DATA PROVIDED
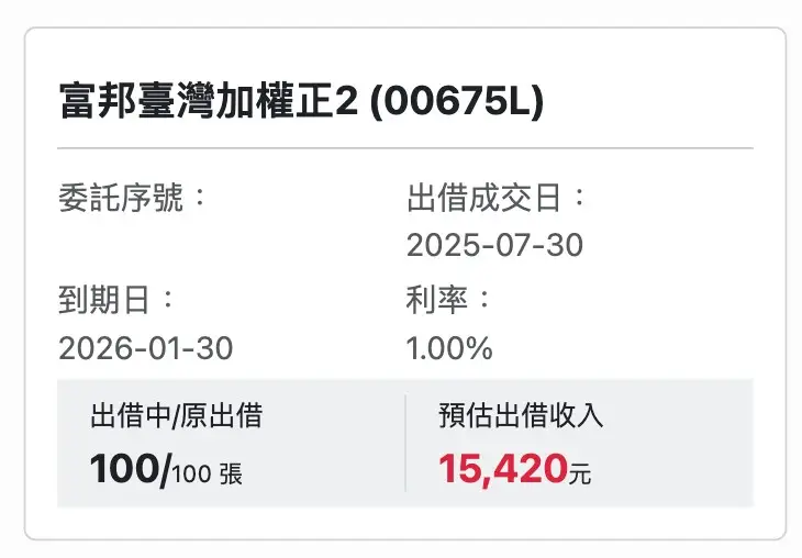 目前有出借中的100張富邦正2
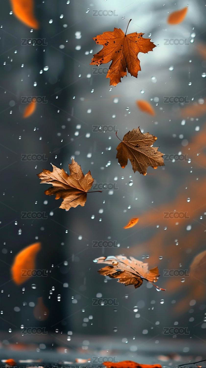 秋雨中飘落的枫叶
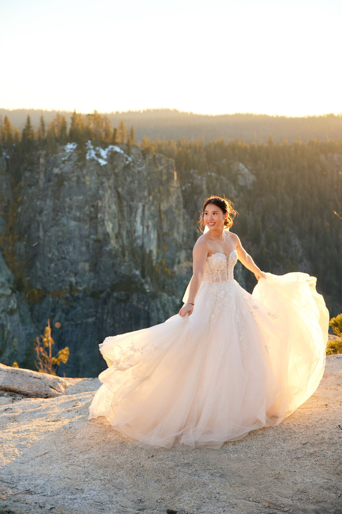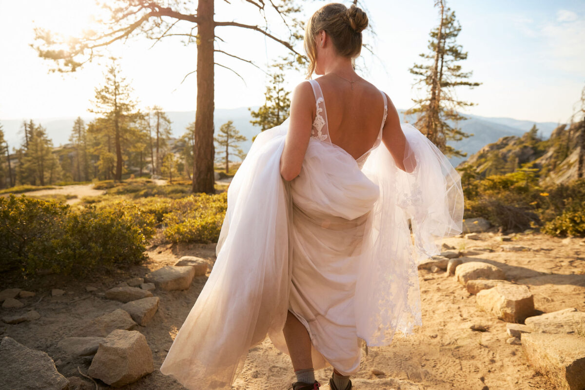 The trail leading up to this spot is also pretty photogenic, one of our favorite ones in all of Yosemite. Most of our couples will hike the whole time in their wedding attire, and it’s 100% worth it.

TO DO
Copy the material above exactly and drop the pictures.

EXPECTED OUTPUT
 目前有出借中的100張富邦正2
 秋雨中飘落的枫叶
 The trail leading up to this spot is also pretty photogenic, one of our favorite ones in all of Yosemite. Most of our couples will hike the whole time in their wedding attire, and it’s 100% worth it.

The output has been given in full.